International oil prices stop falling and rebound

The trend of international oil prices falling for three weeks was reversed on November 6th, 2012, and the oil customers who hold the refined oil price adjustment mentality may have to wait and see for some time. The market believes that the international oil price is difficult to determine afterwards, so there is a great uncertainty in the opening price adjustment window for domestic refined oil products.

According to the information, the change rate of crude oil movements in the three places on November 6, 2012 was -3.47%, and the business community also gave -3.51% of the data. However, the price of Brent oil and WTI oil prices on the same day contradicted the tendency of the recent drop in crude oil prices, of which Brent rose 3.10% on the 6th to reach $111.07 per barrel. Dubai and Cinta oil prices also rose by 1.69% and 3.96%, respectively, to 105.10 US dollars / barrel and 110.00 US dollars / barrel.

The market believes that the international oil price is difficult to determine afterwards, so there is a great uncertainty in the opening price adjustment window for domestic refined oil products.

The analysis report of Guotai Junan Securities believes that the decline in international crude oil in the past few days is due to the news that the US may release emergency heating oil stocks after the hurricane “Sandy” has strongly suppressed the oil market.

However, the rise in international oil prices on November 6th was related to the market’s expectation of Obama’s re-election. An analyst who has long paid close attention to the oil industry told reporters that Obama has consistently adopted loose economic policies. The devaluation of the dollar will have a greater supporting role in maintaining high raw material prices.

Another point of view is that international crude oil prices will continue to fluctuate. With the increase of winter energy demand and the decline of inventory supply after the hurricane, oil prices have grown stronger, but the European economic trend and the US policy toward the Middle East will be an important factor in determining the price trend in the later period. "If Obama takes a tough policy toward the Middle East after re-election, international oil prices will undoubtedly rise."

Therefore, the price adjustment of domestic refined oil products, which was previously considered as “stuck”, may be a new variable because it is difficult to break through the rate of change of -4%.

Prior to this, the market generally predicted that the rate of change in crude oil in the three places could be “broken four” as soon as this Friday, and the domestic refined oil price adjustment window may open next week, and many gas stations are even ready for price adjustment.
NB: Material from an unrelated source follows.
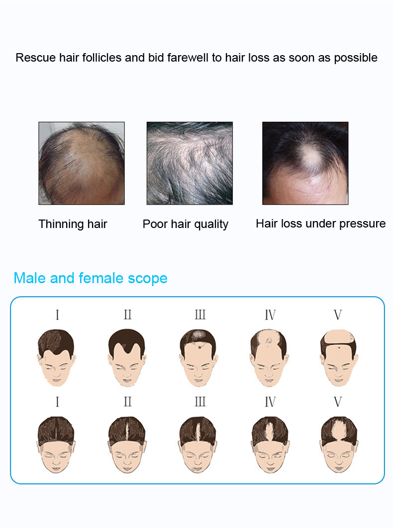 Hair loss treatment, hair care, hair loss cure, male pattern baldness, hair loss in women. baldness cure, alopecia treatment. Our laser hair growth machine is the best product for home use, as it's portable design and easy to operate. It has been clinically proven effective for hair loss treatment, stop hair fall. Help hair regrowth and alopecia treatment for both men and women. Our hair growth laser machine is a kind of low level laser therapy device. It works by 678nm laser to stimulate the hair follicles, restore the atrophy hair follicle, regrow hair, bring back your healthy and thick hair.

Many petrol stations in Shanghai have lowered the retail price of gasoline No. 93 for some time. Some gas stations have reduced prices by 0.2 yuan a day, while others have attracted fuel purchasers at prices of 7.75 yuan/l from 7 pm to 7 am.

According to data provided by OilerNet, as of November 5, there were 1,070 gas stations in Shanghai, of which 187 were lower than the guide price, accounting for 17% of the total, and the price reduction ranged from 0.02 to 0.5 yuan. This is much more than before the National Day promotional efforts: As of September 26, there were 142 gas stations in the Shanghai area that were below the gasoline guidance price of No. 93, and the price reduction ranged from 0.01 to 0.5 yuan.
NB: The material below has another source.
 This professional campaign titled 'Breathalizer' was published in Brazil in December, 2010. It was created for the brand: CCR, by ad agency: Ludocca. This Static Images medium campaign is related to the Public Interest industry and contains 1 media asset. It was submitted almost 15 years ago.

The number of gas stations that engage in promotions in the Beijing area has also increased considerably. Oil customer network data show that as of November 5, there were 1,183 gas stations in Beijing, of which 314 gas stations were lower than the price of gasoline guidance at No. 92, accounting for 27% of the total, and price cuts ranged from 0.05 to 0.76 yuan. . On September 12 before the National Day, the number of gas stations in Beijing that were below the guidance price accounted for 17% of the total, and the price reduction ranged from 0.05 to 0.6 yuan.

However, in the absence of a substantial recovery in macro demand, the promotion of gas stations does not seem to be effective. The person in charge of a gas station in Shanghai told reporters that because of their gas stations near the highway, they started to reduce diesel prices from two months ago in order to attract trucks, but they have now adjusted 7.54 yuan/liter back to 7.92. Yuan/liter. “The effect is not significant in two months. There was no diesel sales of 200,000 liters in the month before sales promotion, and only 400,000 liters after sales, and at least 500,000 litres in good times.”